Politis fête cette année ses 30 ans, mais aussi, cette semaine, son 1 500e numéro.

Politis  • 25 avril 2018 abonné·es
Politis Numéro 1500 : Notre creuset de liberté
© photo : L’équipe de Politis presque au complet dans la courette fleurie du 2, impasse Delaunay.crédit : Christophe Kantcheff

P olitis fête cette année ses 30 ans, mais aussi, cette semaine, son 1 500e numéro.

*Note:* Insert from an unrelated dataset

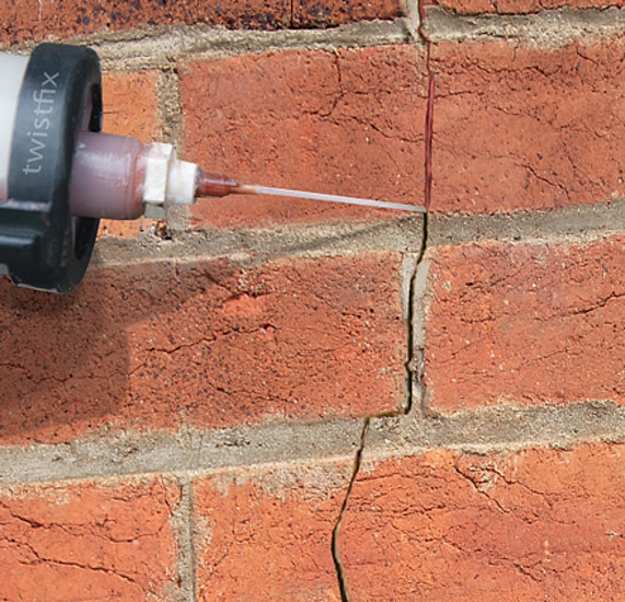 Заполнение трещин в кирпичной кладке производится не только с целью их ремонта, но и для образования перекрестного крепления – скважины просверливаются таким образом, чтобы после их заделки создалась усиливающая конструкция, которая предотвратит дальнейшее разрушение.

Cette longévité étonnante dans la presse indépendante française doit beaucoup à la persévérance, la foi même, de tous ceux qui y travaillent et contribuent chaque semaine dans l’hebdo, chaque jour sur le site web, à nourrir l’information et la réflexion, à rebours des refrains dominants dans les médias. En 1 500 numéros, sans compter les hors-séries, ce sont sans doute plus de mille signatures qui sont apparues sur les pages. Certains pour une « pige » exceptionnelle, d’autres quasiment sans discontinuer depuis le début. Michel Soudais a raconté récemment dans ces pages (n° 1486, 18 janvier) l’incroyable aventure d’un titre né en janvier 1988 dans un garage du XXe arrondissement de Paris. Pour ce millésime « MD », voici une carte blanche à quelques-uns des contributeurs de _Politis, qui racontent un engagement sans failles au service de nos valeurs, celle du journalisme indépendant et libre.

« Parler des migrants, en toute humanité »

Vanina Delmas

Le halo des gyrophares bleus et la lumière blanche, aveuglante, des caméras braquées sur un grand hangar. Ce sont les premières images qui me reviennent du 25 octobre 2016. Ce jour-là, la jungle de Calais était évacuée sous les yeux de plus de 700 journalistes qui couvraient l’événement. Nous étions deux pour Politis. Pour ma collègue Ingrid Merckx et moi-même, hors de question de rester collées à eux, de ne voir que ce qu’on voulait bien nous montrer. Nous avons donc déambulé dans les allées de la jungle en décomposition pour voir et témoigner. Un pas de côté essentiel pour prendre le temps de discuter avec les premiers concernés : les milliers de migrants qui quittaient leur lieu de survie, hagards, leurs bribes de vie dans un sac à dos. Les articles sur le quotidien joyeux ou cruel de ces exilés du monde entier ont profondément marqué mon parcours à Politis et mon attachement à ce journal. Dès mon stage, j’ai raconté le vécu des migrants du quartier parisien de La Chapelle, mais aussi les persécutions des forces de l’ordre. Et je n’ai pas cessé, car rien n’a cessé, que ce soit à Calais, Croisilles, Paris, Ouistreham, Menton, Vintimille… Sans oublier la détermination des associations et la générosité de nombreux citoyens solidaires pour faire taire les préjugés et aider ces hommes, ces femmes, ces enfants. Politis permet de parler des migrants, et avec eux, en toute humanité.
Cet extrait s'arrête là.